REQUIREMENT: In your copy, reproduce the entries exactly as they are, minus the images.

Saved entries:
☆ ☆ ☆

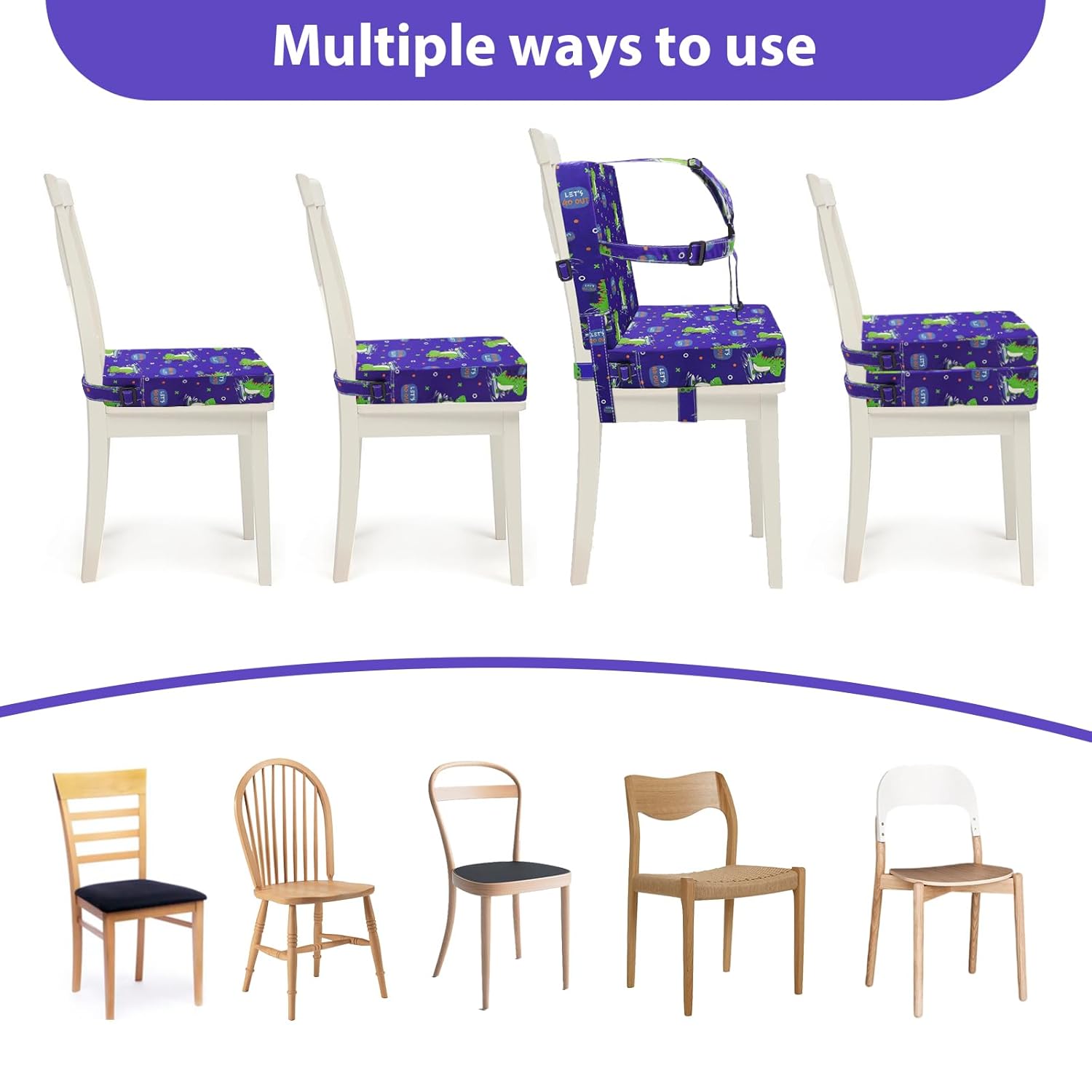 - ADJUSTABLE SEAT BELTS: Toddler booster seat for dining table is equipped with multiple adjustable safety belts, which can be securely fixed to the back and bottom of the chair. On the table the whole family used it with, baby had plenty of space for legs and could still reach the table without an issue. What's more, The five-point-buckle straps are secure enough that your baby won’t fall so you don’t have to worry about that
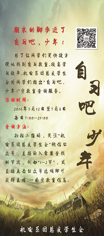 为方便我院同学快捷查询空教室位置,进一步提高学习效率和成绩。机电系于5月13日起为全院同学们推出“自习吧,少年!”教室查询服务。 全院同学通过关注<机电系团总支学生会>官方微信公众号,发送所需查询的节次即可查询到空教室位置。自此项查询服务推出以来,吸引了广大同学的热情参与。 本次活动,有利于方便广大同学方便、快捷的查询空教室,有利于提高同学们的学习效率和成绩,同时对进一步提高我院学风建设具有重要意义。
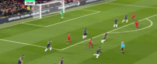 第24分钟,利物浦取得领先,法比尼奥挑传,马内前场胸部停球后单刀面对德赫亚射门入网,1-0!
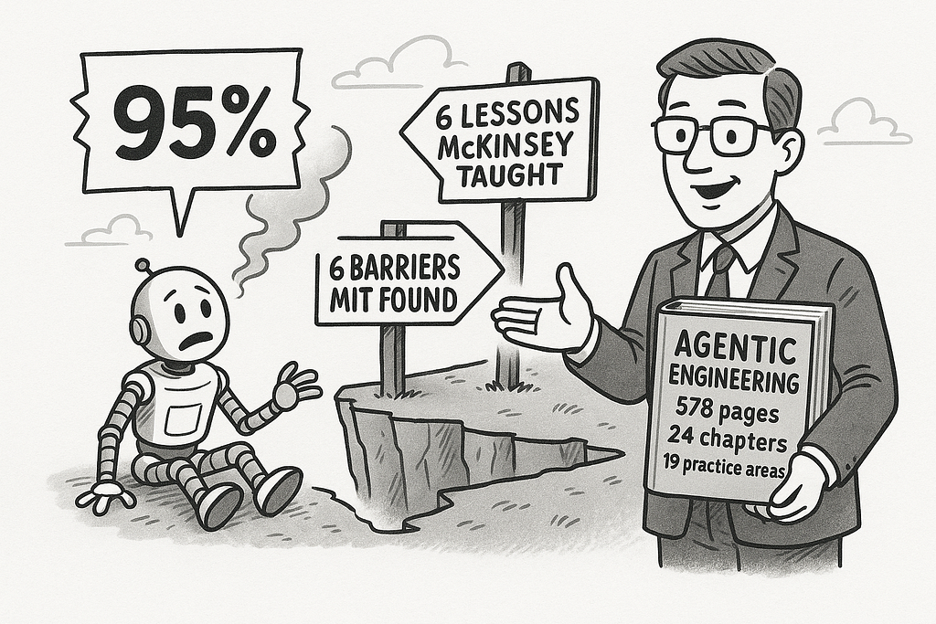 Across 24 chapters and 19 practice areas, my new book delivers a full blueprint — complete with the Agentic Stack, maturity ladders, design patterns and anti-patterns, field lessons, best practices, case studies, and code examples. Every chapter is designed to seal fault lines MIT exposed while embedding the survival principles McKinsey taught.
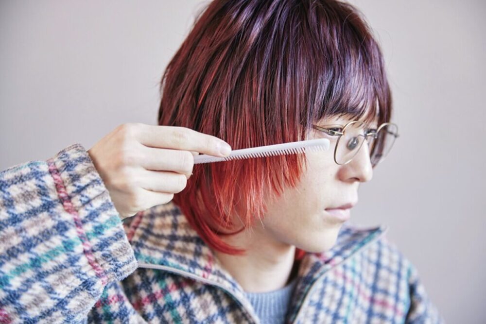 バームをもみ込んだら、顔まわりをクシでコーミングして、毛流れを前へもってくる。

☆ ☆ ☆

TASK SOLUTION:
 - ADJUSTABLE SEAT BELTS: Toddler booster seat for dining table is equipped with multiple adjustable safety belts, which can be securely fixed to the back and bottom of the chair. On the table the whole family used it with, baby had plenty of space for legs and could still reach the table without an issue. What's more, The five-point-buckle straps are secure enough that your baby won’t fall so you don’t have to worry about that
 为方便我院同学快捷查询空教室位置,进一步提高学习效率和成绩。机电系于5月13日起为全院同学们推出“自习吧,少年!”教室查询服务。 全院同学通过关注<机电系团总支学生会>官方微信公众号,发送所需查询的节次即可查询到空教室位置。自此项查询服务推出以来,吸引了广大同学的热情参与。 本次活动,有利于方便广大同学方便、快捷的查询空教室,有利于提高同学们的学习效率和成绩,同时对进一步提高我院学风建设具有重要意义。
 第24分钟,利物浦取得领先,法比尼奥挑传,马内前场胸部停球后单刀面对德赫亚射门入网,1-0!
 Across 24 chapters and 19 practice areas, my new book delivers a full blueprint — complete with the Agentic Stack, maturity ladders, design patterns and anti-patterns, field lessons, best practices, case studies, and code examples. Every chapter is designed to seal fault lines MIT exposed while embedding the survival principles McKinsey taught.
 バームをもみ込んだら、顔まわりをクシでコーミングして、毛流れを前へもってくる。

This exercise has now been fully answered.